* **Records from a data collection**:
● ● ● ● ●

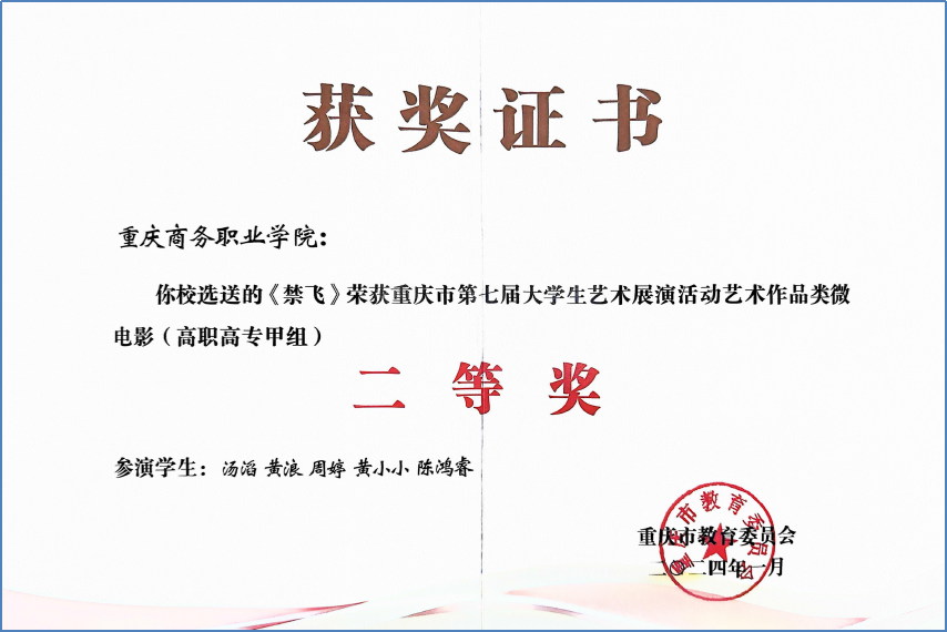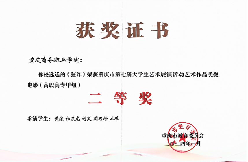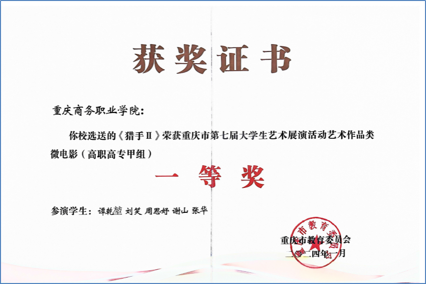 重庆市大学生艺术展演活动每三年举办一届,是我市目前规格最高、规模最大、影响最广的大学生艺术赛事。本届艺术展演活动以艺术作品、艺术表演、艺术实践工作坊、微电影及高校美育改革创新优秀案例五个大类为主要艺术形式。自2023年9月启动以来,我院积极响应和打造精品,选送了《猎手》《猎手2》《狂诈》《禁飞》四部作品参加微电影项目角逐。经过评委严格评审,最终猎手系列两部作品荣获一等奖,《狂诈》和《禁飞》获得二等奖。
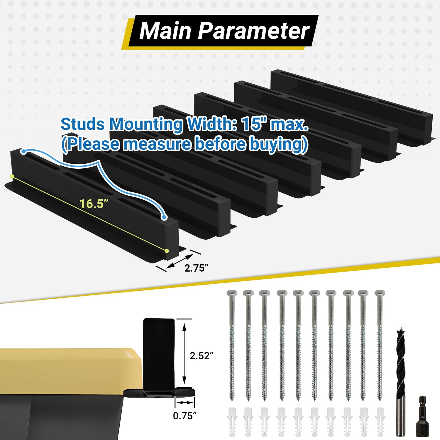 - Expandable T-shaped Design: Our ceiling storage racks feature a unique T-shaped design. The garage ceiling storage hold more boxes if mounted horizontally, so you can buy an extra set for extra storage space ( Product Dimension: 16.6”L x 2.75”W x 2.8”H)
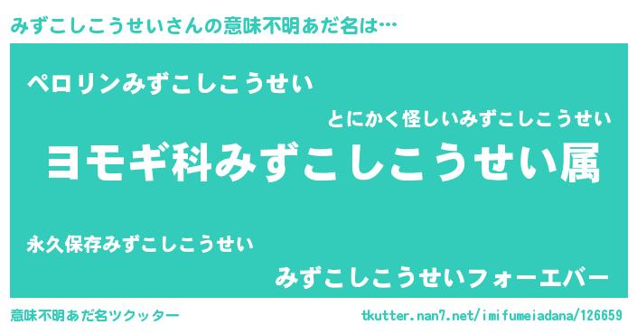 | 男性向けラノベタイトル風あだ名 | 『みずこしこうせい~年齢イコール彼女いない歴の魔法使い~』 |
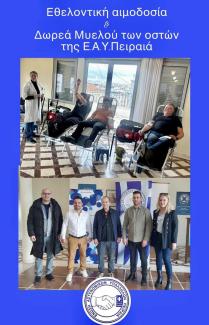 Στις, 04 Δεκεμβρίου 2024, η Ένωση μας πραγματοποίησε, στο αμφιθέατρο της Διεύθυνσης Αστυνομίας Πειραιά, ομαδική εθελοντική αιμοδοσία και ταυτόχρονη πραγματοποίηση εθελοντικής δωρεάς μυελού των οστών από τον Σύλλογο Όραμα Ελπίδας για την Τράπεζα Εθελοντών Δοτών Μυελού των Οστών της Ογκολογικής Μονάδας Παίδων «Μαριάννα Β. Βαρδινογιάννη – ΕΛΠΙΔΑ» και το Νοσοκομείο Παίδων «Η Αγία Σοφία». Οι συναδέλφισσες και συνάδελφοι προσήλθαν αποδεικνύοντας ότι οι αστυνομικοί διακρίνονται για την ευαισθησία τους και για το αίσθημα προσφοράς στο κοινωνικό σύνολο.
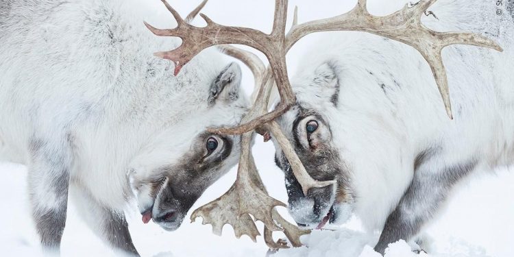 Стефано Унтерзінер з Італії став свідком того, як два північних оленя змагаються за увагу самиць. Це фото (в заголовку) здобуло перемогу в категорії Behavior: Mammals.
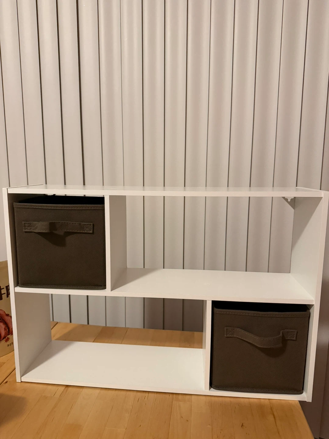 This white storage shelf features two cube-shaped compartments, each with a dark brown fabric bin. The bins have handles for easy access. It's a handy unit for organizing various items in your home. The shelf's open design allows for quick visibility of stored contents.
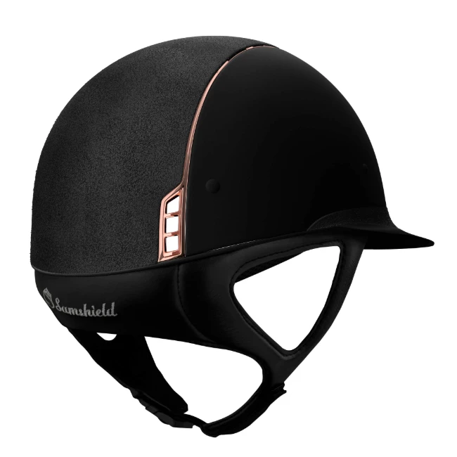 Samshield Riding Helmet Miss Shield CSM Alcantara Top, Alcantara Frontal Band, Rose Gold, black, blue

● ● ● ● ●

* **Problem**: All lines from the one containing "男性向けラノベタイトル風あだ名 | 『みずこしこうせい~年齢イコール彼女いない歴の魔法使い~』 |" to the last line of the records above, both included, need to be repeated word for word; omit the pictures.

* **Task solution**:
 | 男性向けラノベタイトル風あだ名 | 『みずこしこうせい~年齢イコール彼女いない歴の魔法使い~』 |
 Στις, 04 Δεκεμβρίου 2024, η Ένωση μας πραγματοποίησε, στο αμφιθέατρο της Διεύθυνσης Αστυνομίας Πειραιά, ομαδική εθελοντική αιμοδοσία και ταυτόχρονη πραγματοποίηση εθελοντικής δωρεάς μυελού των οστών από τον Σύλλογο Όραμα Ελπίδας για την Τράπεζα Εθελοντών Δοτών Μυελού των Οστών της Ογκολογικής Μονάδας Παίδων «Μαριάννα Β. Βαρδινογιάννη – ΕΛΠΙΔΑ» και το Νοσοκομείο Παίδων «Η Αγία Σοφία». Οι συναδέλφισσες και συνάδελφοι προσήλθαν αποδεικνύοντας ότι οι αστυνομικοί διακρίνονται για την ευαισθησία τους και για το αίσθημα προσφοράς στο κοινωνικό σύνολο.
 Стефано Унтерзінер з Італії став свідком того, як два північних оленя змагаються за увагу самиць. Це фото (в заголовку) здобуло перемогу в категорії Behavior: Mammals.
 This white storage shelf features two cube-shaped compartments, each with a dark brown fabric bin. The bins have handles for easy access. It's a handy unit for organizing various items in your home. The shelf's open design allows for quick visibility of stored contents.
 Samshield Riding Helmet Miss Shield CSM Alcantara Top, Alcantara Frontal Band, Rose Gold, black, blue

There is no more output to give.